[Data]
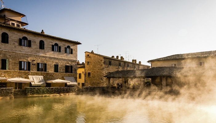 Você precisa de um spa? Siga para Bagno Vignoni, um pequeno vilarejo com várias fontes termais naturais. Você não paga nada para usar essas fontes termais.
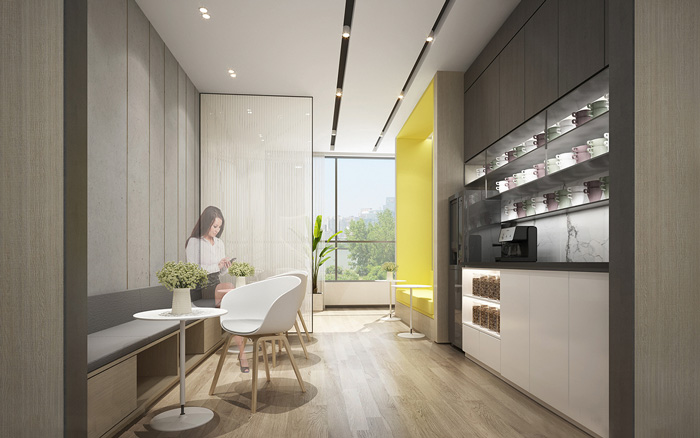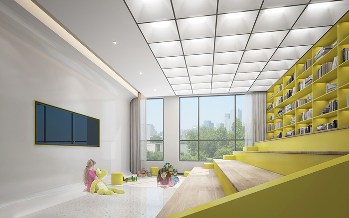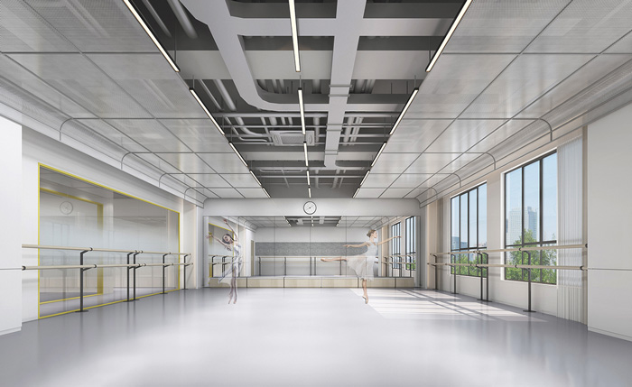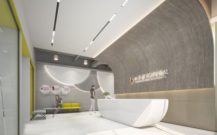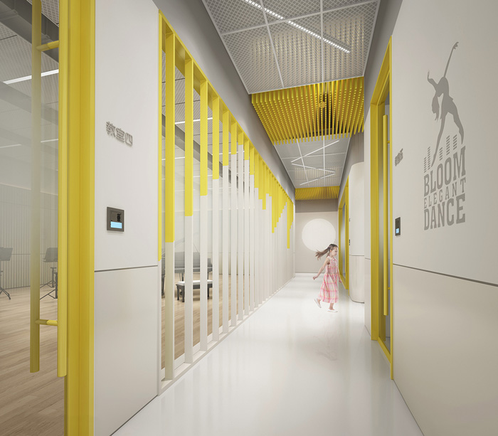 此處藝術(shù)學(xué)校設(shè)計中,告別了五彩斑斕的顏色,突出了空間的簡潔與干凈,用黃色做為點綴色提升空間的趣味性。
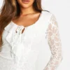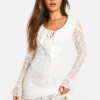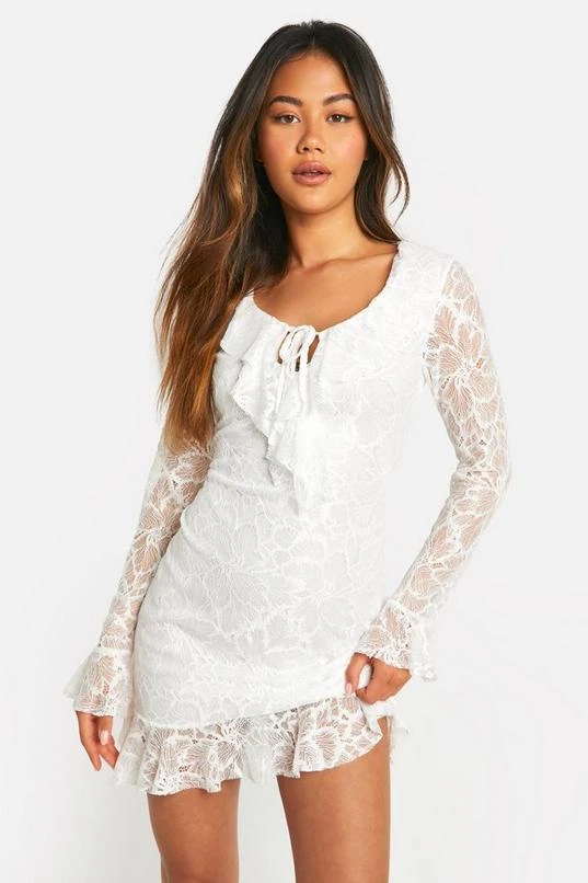 BOOHOO Lace Ruffle Tie Front Shift Dress

[What to do] Retype the listing exactly. Leave the pictures out.

[Your response]
 Você precisa de um spa? Siga para Bagno Vignoni, um pequeno vilarejo com várias fontes termais naturais. Você não paga nada para usar essas fontes termais.
 此處藝術(shù)學(xué)校設(shè)計中,告別了五彩斑斕的顏色,突出了空間的簡潔與干凈,用黃色做為點綴色提升空間的趣味性。
 BOOHOO Lace Ruffle Tie Front Shift Dress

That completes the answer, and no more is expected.